Сила условностей еще ярче проявляется в живописных и скульптурных портретах, популярность которых существенно возрастает после 1500 года. Лица все больше и больше приобретают индивидуальные черты, особенно на посмертных изображениях, так как заказчики требуют, чтобы портретист добивался полного сходства с покойным. Многие художники изображают самих себя — Ганс Гольбейн Младший, Лукас Кранах Старший, Альбрехт Дюрер, который еще и ведет дневник. Биограф Паоло Джовио собрал коллекцию из 400 портретов великих людей, причем 70 из них — женские. Он разместил их в своей вилле на берегу озера Комо. Однако большинство произведений в коллекции — групповые портреты. Как это было принято в то время, изображение введено в контекст семьи или официальной деятельности (так изображались дожи и епископы): личность все же рассматривалась не сама по себе, а как часть целого. Тем самым облегчался труд издателей: достаточно было опубликовать один портрет, чтобы показать лица сразу нескольких персонажей. По иронии судьбы, Альбрехт Дюрер, буквально завороженный собственным обликом, представлен в книге на одной гравюре с гуманистом Геммой Фризиусом, и в памяти современников остался не столько его собственный образ, сколько его произведения [74].

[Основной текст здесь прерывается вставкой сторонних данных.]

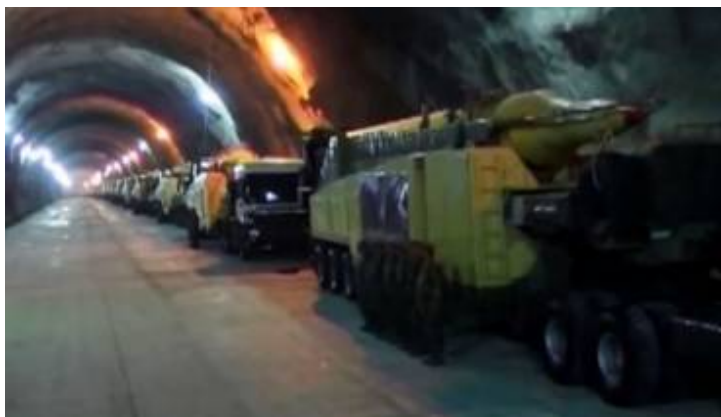
Tunnels met rijen raketten.

Ook heeft Iran het bestaan van honderden tunnels onthuld met rijen ballistische raketten. Dat maakt nog eens goed duidelijk dat de Ayatollahs zich overduidelijk voorbereiden op een toekomstige agressieve aanvalsoorlog, waarbij Saudi-Arabië en Israël ongetwijfeld de belangrijkste doelwitten zullen zijn. Generaal Hossein Salami verklaarde dat Iran honderden tunnels bezit die vol staan met raketten klaar om het Iraanse volk te beschermen.

Неоспоримо, что личность в XVI веке выходит на первый план в культуре, однако очевидно и то, что чаще всего она прячется под покровом коллектива. Ценность личности в ее собственных глазах проявляется скорее в виде способности как можно полнее отвечать ожиданиям других. Личность не представляет себя центром вселенной, так как это значило бы оскорбить Господа Бога. Благочестивые люди видят себя только в контексте коллектива. Старый воин-гугенот Агриппа д’Обинье живет в женевском уединении, переживает горечь поражения и, как он считает, отступничество любимого военачальника Генриха Наваррского, который пошел на соглашение с католиками. Он пишет книгу мемуаров в назидание потомкам. Но он не говорит о себе в первом лице и называет книгу «Жизнеописание Агриппы д’Обинье, написанное им самим для его детей». Спасение души возможно только в самоотречении. Однако использовать свой жизненный опыт во благо общества еще не означает впасть в грех Гордыни. Именно на этой почве и расцветает жанр автобиографии.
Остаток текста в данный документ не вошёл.